El general Paulus no era ciego. Envió un informe desesperado al Comandante en Jefe Supremo para permitir la rendición. Pero la respuesta del Führer llegó inmediatamente, como un ultimátum: "La rendición está descartada. Cada día extra que el ejército aguanta ayuda a todo el frente...".
Tras la negativa a rendirse, el 10 de enero de 1943, las fuerzas soviéticas lanzaron la Operación Anillo, con el objetivo de desmantelar y destruir todo el ejército cercado, cercenándolo por partes.
Así del 22 al 26 de enero, se dividió por la mitad. La situación se tornó catastrófica. Y temprano en la mañana del 24 de enero, Paulus se dirigió a Hitler otra vez con su último y angustiado informe.
"... Tengo un ejército sin munición ni comida. El control unificado de las tropas ya no es posible... 18 mil heridos con muy poca ayuda... Prolongar la defensa, no tiene sentido. La derrota es inevitable. Con el fin de salvar a aquellos que todavía están vivos, el ejército pide permiso inmediato para rendirse.".
La respuesta de Hitler fue rápida y breve.
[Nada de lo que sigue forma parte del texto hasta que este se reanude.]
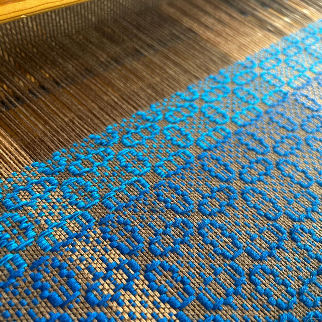 Mówiąc najprościej, technika ta polega na tworzeniu wzorów naddatkowych, które „pływają” nad podstawową strukturą tkaniny. Podczas gdy osnowa i cienki wątek wiążący (tzw. tabby) pracują nad stabilnością materiału, gruby wątek wzorzysty (overshot) tworzy dekoracyjne pętle i geometryczne motywy, które wydają się być nałożone na wierzch tkaniny.
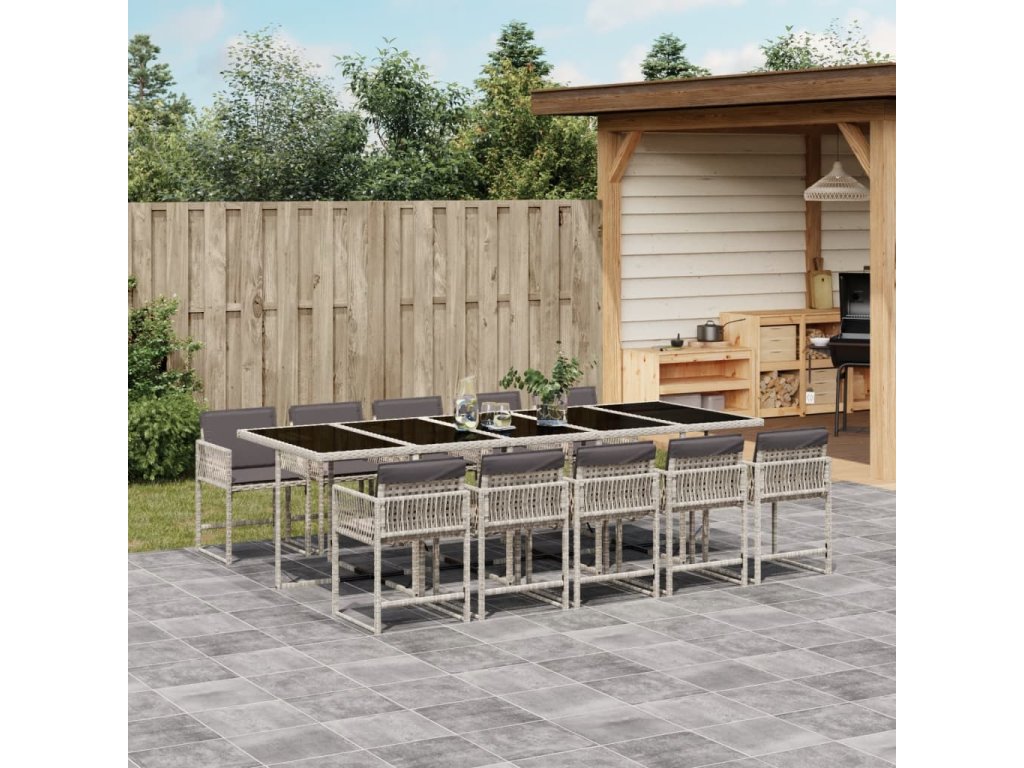 11dílný zahradní jídelní set s poduškami světle šedý polyratan 3211475

Otra vez sonaba como una cínica burla a los moribundos: "Se descarta la rendición. El Sexto Ejército está llevando a cabo su misión histórica, luchando hasta la última bala para permitir la creación de una nueva línea de defensa en el ala sur del frente.".
Después de leer este radiograma, Wilhelm Adam (este oficial de Estado Mayor cuyo informe es la base de este artículo) le dijo abiertamente a Paulus que consideraba esta orden como criminal, y por lo tanto no tenía la obligación de acatarla. Pero el jefe del Estado Mayor, el teniente general Schmidt, por el contrario, exigió aferrarse al ultimátum.
Y esa en sí era la tragedia: Paulus, criado en el espíritu de obediencia absoluta, siguió siendo un soldado obediente. Facilitando así a Hitler sus acciones criminales contra el 6º Ejército.

¿Qué opinan, queridos lectores, dónde está la línea entre el deber militar y la responsabilidad humana? ¿Sabía Paulus que esta orden condenaba a la muerte a decenas de miles de personas, que podrían haber sobrevivido? ¿Debería él, como comandante, romper la orden criminal de Hitler para salvar las vidas de sus soldados, o su misión principal era la fe ciega de lealtad al juramento?
El 31 de enero de 1943 a las 7:00 a. m. A la tenue luz del amanecer, Paulus todavía estaba durmiendo, inmerso en un laberinto de atormentados pensamientos y sueños de pesadilla. Llamaron a la puerta. El jefe de gabinete Schmidt entró. Un pedazo de papel retenía entre tus manos.
"¡Felicidades por su ascenso a mariscal de campo! - anunció Schmidt - Este es el último radiograma recibido".
No era una felicitación, sino una llamada al suicidio. En la historia de Alemania, no había habido ocasión de que un mariscal de campo fuera capturado. Hitler le exigió a Paulus que pusiera una bala en su frente.
"Esto debería ser una invitación al suicidio", dijo Paulus después de leer la nota. "Pero no les daré este placer".
Schmidt continuó: "Al mismo tiempo, debo informar que los rusos han llegado.".
Él abrió la puerta, y un general soviético con un traductor entró en la habitación.
"Los declaramos prisioneros de guerra", dijo el general secamente.
Dejamos nuestras armas sobre la mesa. El general soviético dijo que les llevaría a la retaguardia soviética alrededor de las nueve horas, y se fueron en sus coches. Únicamente me quedaba un acto. Completé mi último deber oficial: escribí en el libro del soldado Paulus la promoción de general a mariscal de campo, lo sellé, e inmediatamente lo arrojé al horno.
Entonces salí a comprobar y averiguar qué pasó por la noche. Resulta que Schmidt ordenó al traductor ir con una bandera blanca a un tanque soviético parado frente a la choza, accediendo a entregar el blocao del estado mayor.
Cuando el general soviético llegó más tarde y anunció las condiciones de la rendición, Schmidt intervino en la conversación. Exigió privilegios especiales para Paulus: pasar a ser un ciudadano común, el derecho a recoger su propia comida, e incluso un equipo de escolta del Ejército Rojo, para la protección personal del Mariscal de Campo durante su viaje al cautiverio.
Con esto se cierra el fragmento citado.